++++ Given material

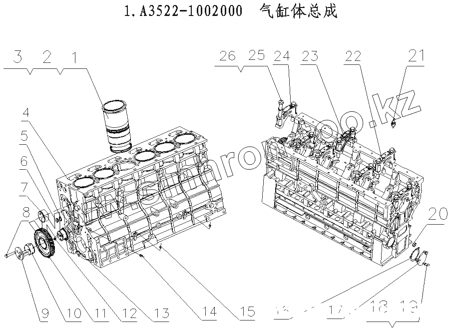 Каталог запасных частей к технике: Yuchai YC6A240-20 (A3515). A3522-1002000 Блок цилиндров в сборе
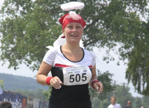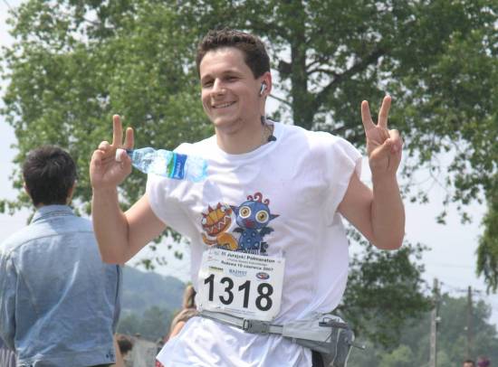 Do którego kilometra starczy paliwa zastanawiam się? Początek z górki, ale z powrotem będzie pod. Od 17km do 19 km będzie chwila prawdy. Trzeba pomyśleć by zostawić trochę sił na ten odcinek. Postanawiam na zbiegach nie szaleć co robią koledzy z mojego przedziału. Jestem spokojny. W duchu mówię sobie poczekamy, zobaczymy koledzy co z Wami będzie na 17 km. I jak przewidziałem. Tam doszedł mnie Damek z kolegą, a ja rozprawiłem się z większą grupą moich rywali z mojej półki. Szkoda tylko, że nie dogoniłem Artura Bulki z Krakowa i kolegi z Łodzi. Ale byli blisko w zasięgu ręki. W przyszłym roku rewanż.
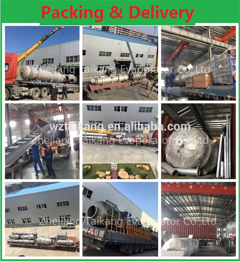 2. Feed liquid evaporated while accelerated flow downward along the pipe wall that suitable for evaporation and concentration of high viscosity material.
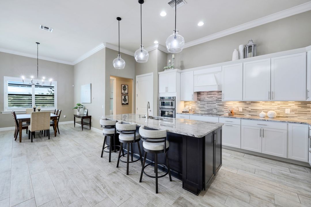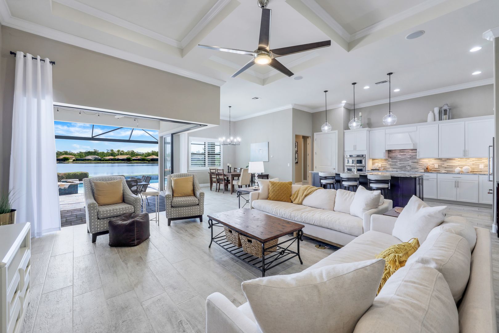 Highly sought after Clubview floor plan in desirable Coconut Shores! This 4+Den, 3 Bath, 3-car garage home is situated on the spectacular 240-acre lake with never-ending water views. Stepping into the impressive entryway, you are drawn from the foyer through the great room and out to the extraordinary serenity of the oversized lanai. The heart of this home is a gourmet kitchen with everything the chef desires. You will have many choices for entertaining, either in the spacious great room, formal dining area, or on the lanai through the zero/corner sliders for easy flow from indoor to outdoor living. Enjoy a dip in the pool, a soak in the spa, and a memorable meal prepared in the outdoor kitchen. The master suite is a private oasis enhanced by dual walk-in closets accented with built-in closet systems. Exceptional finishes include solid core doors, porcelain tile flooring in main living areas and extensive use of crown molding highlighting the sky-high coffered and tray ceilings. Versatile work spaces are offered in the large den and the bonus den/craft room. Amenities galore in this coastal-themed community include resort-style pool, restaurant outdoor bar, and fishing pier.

++++++++

Problem to solve = Restate the whole listing word for word. Omit the pictures.

Result of the task =
 Каталог запасных частей к технике: Yuchai YC6A240-20 (A3515). A3522-1002000 Блок цилиндров в сборе
 Do którego kilometra starczy paliwa zastanawiam się? Początek z górki, ale z powrotem będzie pod. Od 17km do 19 km będzie chwila prawdy. Trzeba pomyśleć by zostawić trochę sił na ten odcinek. Postanawiam na zbiegach nie szaleć co robią koledzy z mojego przedziału. Jestem spokojny. W duchu mówię sobie poczekamy, zobaczymy koledzy co z Wami będzie na 17 km. I jak przewidziałem. Tam doszedł mnie Damek z kolegą, a ja rozprawiłem się z większą grupą moich rywali z mojej półki. Szkoda tylko, że nie dogoniłem Artura Bulki z Krakowa i kolegi z Łodzi. Ale byli blisko w zasięgu ręki. W przyszłym roku rewanż.
 2. Feed liquid evaporated while accelerated flow downward along the pipe wall that suitable for evaporation and concentration of high viscosity material.
 Highly sought after Clubview floor plan in desirable Coconut Shores! This 4+Den, 3 Bath, 3-car garage home is situated on the spectacular 240-acre lake with never-ending water views. Stepping into the impressive entryway, you are drawn from the foyer through the great room and out to the extraordinary serenity of the oversized lanai. The heart of this home is a gourmet kitchen with everything the chef desires. You will have many choices for entertaining, either in the spacious great room, formal dining area, or on the lanai through the zero/corner sliders for easy flow from indoor to outdoor living. Enjoy a dip in the pool, a soak in the spa, and a memorable meal prepared in the outdoor kitchen. The master suite is a private oasis enhanced by dual walk-in closets accented with built-in closet systems. Exceptional finishes include solid core doors, porcelain tile flooring in main living areas and extensive use of crown molding highlighting the sky-high coffered and tray ceilings. Versatile work spaces are offered in the large den and the bonus den/craft room. Amenities galore in this coastal-themed community include resort-style pool, restaurant outdoor bar, and fishing pier.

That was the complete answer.